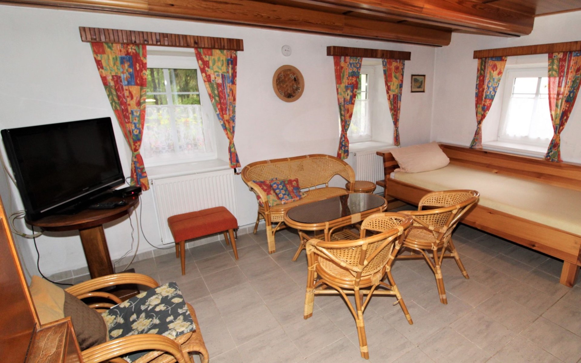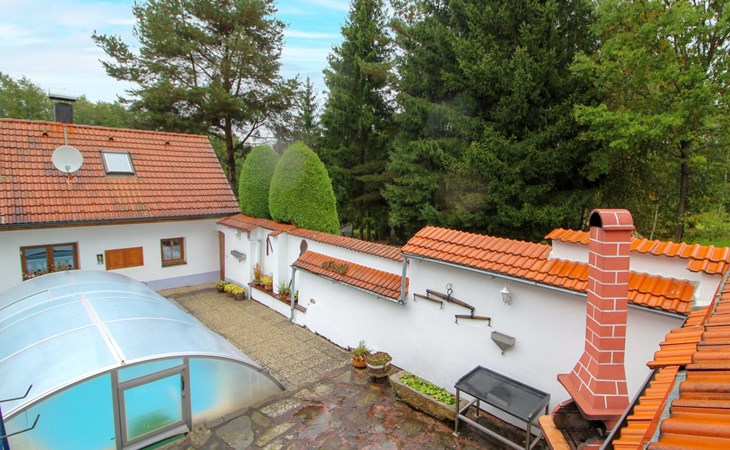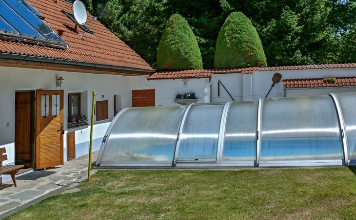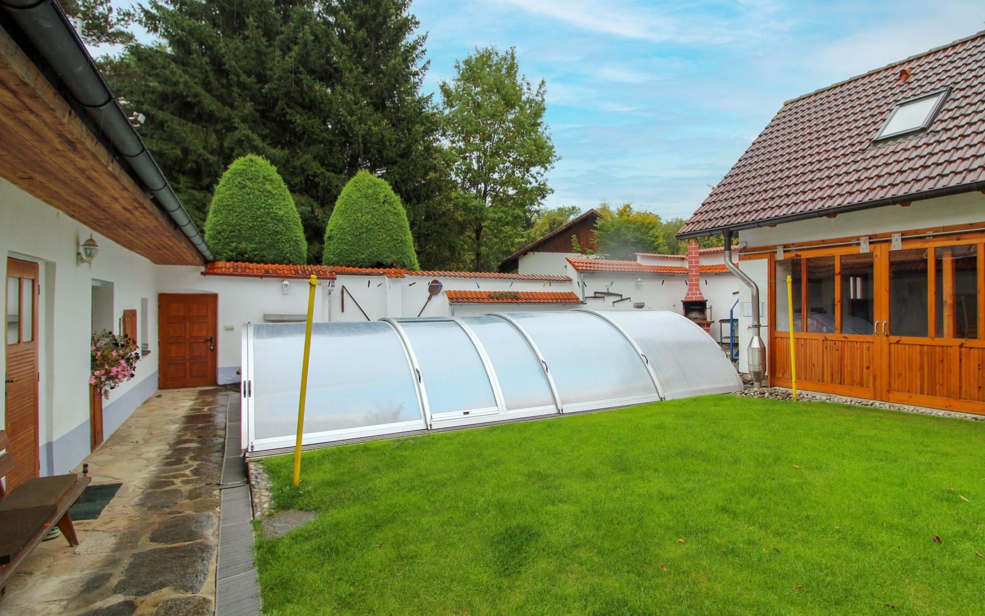 Polžov/Mokrý Lom 10 km von Trhové Sviny: Landsitz. 5 km vom See. Zur Alleinbenutzung: Grundstück 900 m2 (eingezäunt) mit Rasen 1'000 m2, Schwimmbad (4 x 7 m, 150 cm tief, saisonale Verfügbarkeit: 01.Mai. - 30.Sep.). Tennis, Tischtennis, Basketball, Terrasse, Gartenmöbel, Grillhaus. Im Hause: Einstellraum für Fahrräder, Waschmaschine. Zur Verfügung: Fahrräder (3). Parkplatz (für 2 Autos) auf dem Grundstück, Einzelgarage. Einkaufsgeschäft 5 km, Supermarkt 9 km, Restaurant 4 km, Bushaltestelle "Mokrý Lom" 1.9 km, Freibad 20 km, Hallenbad 20 km, Badesee "Římov" 5 km. Golfplatz (18 Loch) 25 km, Wanderwege ab Haus, Radweg 20 m. Nahe gelegene Sehenswürdigkeiten: Zřícenina hradu Pořešín, Buškův hamr 15 km, České Budějovice 20 km, Středověká tvrz Žumberk, Český Krumlov 22 km, Třeboň 34 km, Lipenská přehrada 40 km, Linz (AT) 85 km.
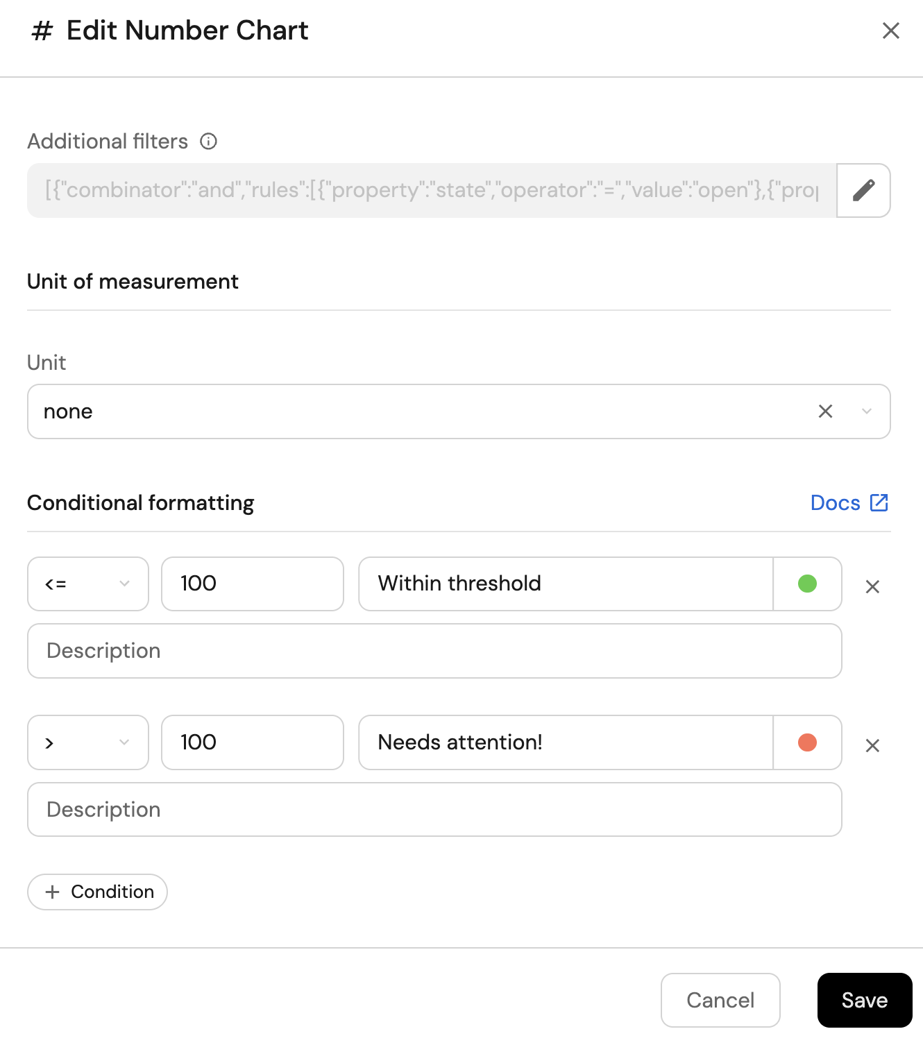 6. You may optionally configure conditional formatting to contextualize the numbers on the widget.
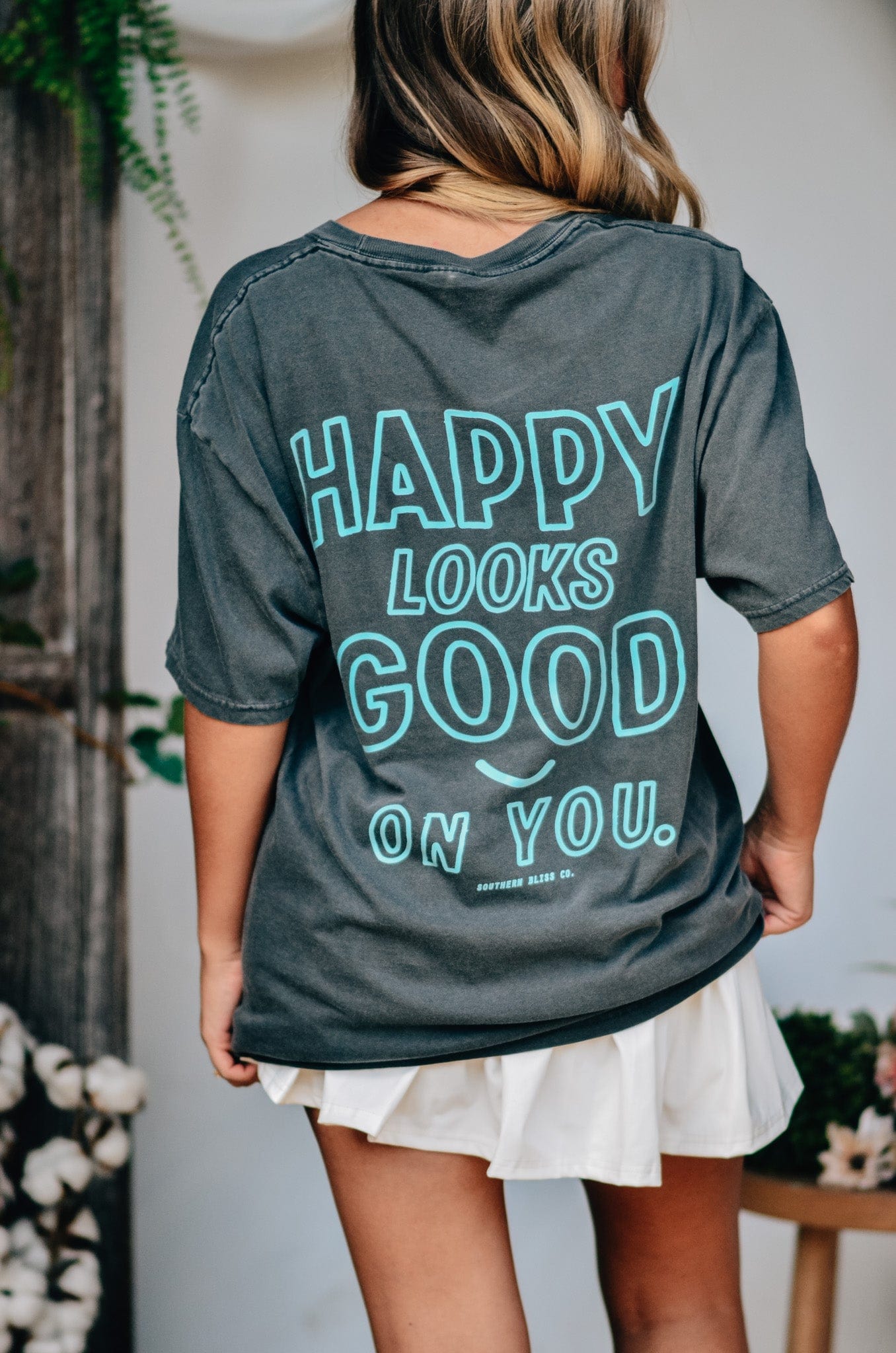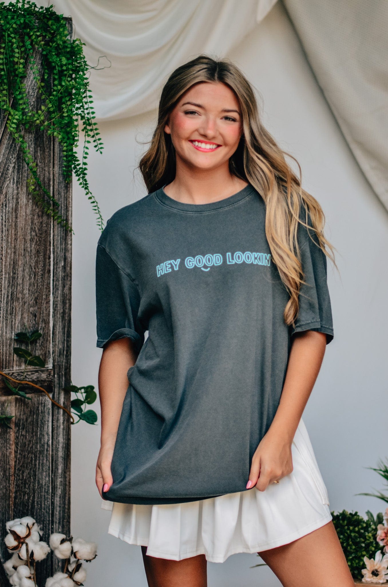 A classic tee with a cheeky twist, this "Hey Good Lookin" Comfort Color tee is your go-to for effortless charm. Featuring playful front-and-back text in a vibrant turquoise pop against a washed charcoal base, it's made with ultra-soft, garment-dyed cotton for that perfectly lived-in feel. Whether you’re lounging or out and about, this tee says it all—happy looks good on you.
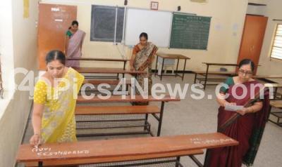 Photo Caption : Preparations for the SSLC Board Examinations starting tomorrow across Karnataka, on Thursday 22nd March 2018

(What you will do):
Output the lines above in full and exactly. Leave out every picture.

(Response to the exercise):
 Polžov/Mokrý Lom 10 km von Trhové Sviny: Landsitz. 5 km vom See. Zur Alleinbenutzung: Grundstück 900 m2 (eingezäunt) mit Rasen 1'000 m2, Schwimmbad (4 x 7 m, 150 cm tief, saisonale Verfügbarkeit: 01.Mai. - 30.Sep.). Tennis, Tischtennis, Basketball, Terrasse, Gartenmöbel, Grillhaus. Im Hause: Einstellraum für Fahrräder, Waschmaschine. Zur Verfügung: Fahrräder (3). Parkplatz (für 2 Autos) auf dem Grundstück, Einzelgarage. Einkaufsgeschäft 5 km, Supermarkt 9 km, Restaurant 4 km, Bushaltestelle "Mokrý Lom" 1.9 km, Freibad 20 km, Hallenbad 20 km, Badesee "Římov" 5 km. Golfplatz (18 Loch) 25 km, Wanderwege ab Haus, Radweg 20 m. Nahe gelegene Sehenswürdigkeiten: Zřícenina hradu Pořešín, Buškův hamr 15 km, České Budějovice 20 km, Středověká tvrz Žumberk, Český Krumlov 22 km, Třeboň 34 km, Lipenská přehrada 40 km, Linz (AT) 85 km.
 6. You may optionally configure conditional formatting to contextualize the numbers on the widget.
 A classic tee with a cheeky twist, this "Hey Good Lookin" Comfort Color tee is your go-to for effortless charm. Featuring playful front-and-back text in a vibrant turquoise pop against a washed charcoal base, it's made with ultra-soft, garment-dyed cotton for that perfectly lived-in feel. Whether you’re lounging or out and about, this tee says it all—happy looks good on you.
 Photo Caption : Preparations for the SSLC Board Examinations starting tomorrow across Karnataka, on Thursday 22nd March 2018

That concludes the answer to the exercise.